Con la circumvesuviana tutto quello che poteva andare storto è andato storto
Treni vecchissimi, carrozze mandate in manutenzione e mai tornate indietro, incendi, deragliamenti e passeggeri costretti a camminare sui binari
di Isaia Invernizzi

Quella della circumvesuviana, la ferrovia che passa intorno al Vesuvio collegando le principali città dell’area metropolitana di Napoli, è una storia di binari speciali, più stretti del solito, di treni vecchissimi, di debiti milionari, di carrozze mandate in Germania e mai tornate indietro, di nuovi treni attesi da anni e ovviamente di enormi ritardi. Ma anche di oltre 20 milioni di passeggeri alle prese ogni anno con soppressioni e guasti, incendi e deragliamenti, lunghe camminate sui binari sotto il sole e aggressioni. Se la circumvesuviana è una delle peggiori ferrovie d’Italia, come dicono molti report, è perché tutto quello che poteva andare storto è andato storto, soprattutto per via di una lunga e incredibile serie di errori.

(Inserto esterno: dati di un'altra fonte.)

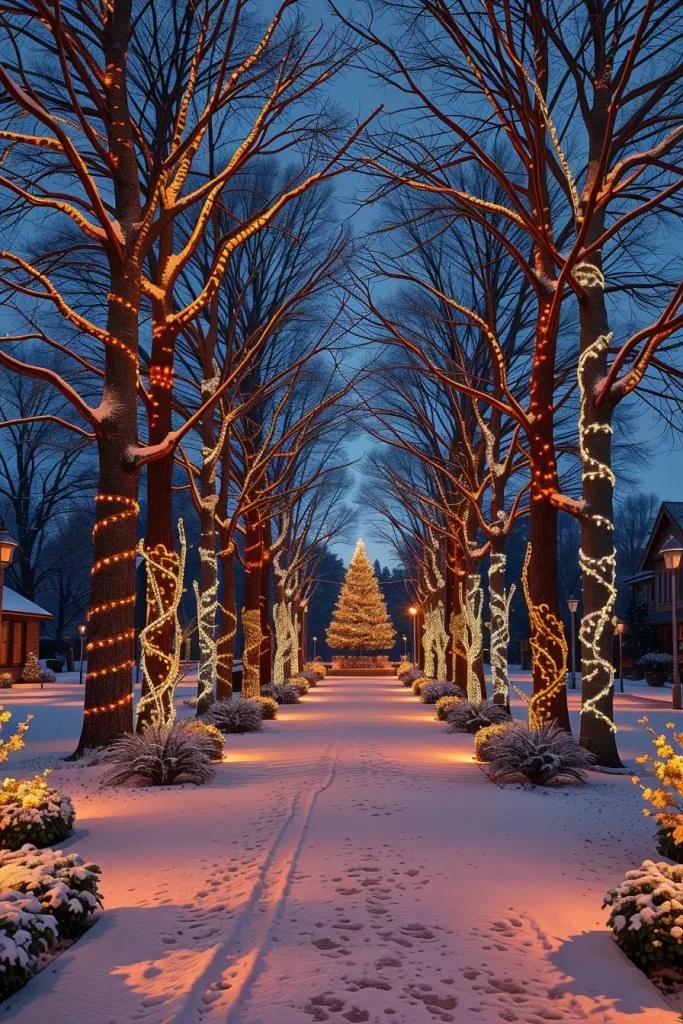 Wrapping lights around the trees is an art and in 2025, perfection will be all that matters. I begin at the bottom and make lights spiraling upwards with a regular distance between them to highlight the natural arrangement of every branch. In case of evergreen trees, warm white LEDs are my choice to use because they give an evergreen an everlasting look; in bare trees, the combination of cool white and gold colors makes the winter picture look more magical.

Partire dalla fine, dalla disastrosa situazione attuale, può essere utile per capire meglio le cause mettendole poi in fila: oggi la circumvesuviana è una ferrovia composta da 6 linee, estesa per 142 chilometri, con 93 stazioni, molte delle quali vuote, senza più personale.
Per garantire una buona frequenza di corse – ovvero il dato che misura ogni quanto tempo passa un treno, in media, su tutte le linee – servirebbero circa 150 treni: nel 2010 ne circolavano 144, oggi sarebbero una sessantina. È perfino difficile sapere quanti siano davvero, perché ci sono guasti quasi ogni giorno. Meno treni ci sono e più cala la frequenza: negli ultimi anni era scesa a un treno ogni 90 minuti, ora ne passa quasi uno all’ora.
Avere così pochi treni espone l’organizzazione a molti rischi e a conseguenze che i pendolari conoscono bene. Quando non funziona qualcosa, come quando un treno si ferma all’improvviso, i freni si surriscaldano o più banalmente le porte non si chiudono, è quasi impossibile trovare un treno sostitutivo. Le corse vengono cancellate e migliaia di persone sono costrette ad aspettare per ore sulle banchine. Succede anche su linee ferroviarie locali in molte altre regioni, ma sulla circumvesuviana di più. Negli ultimi 10 anni il servizio è stato ridotto, l’indice di puntualità è rimasto tra i più bassi in Italia, il prezzo dei biglietti è aumentato e il numero dei passeggeri è diminuito di circa il 30 per cento.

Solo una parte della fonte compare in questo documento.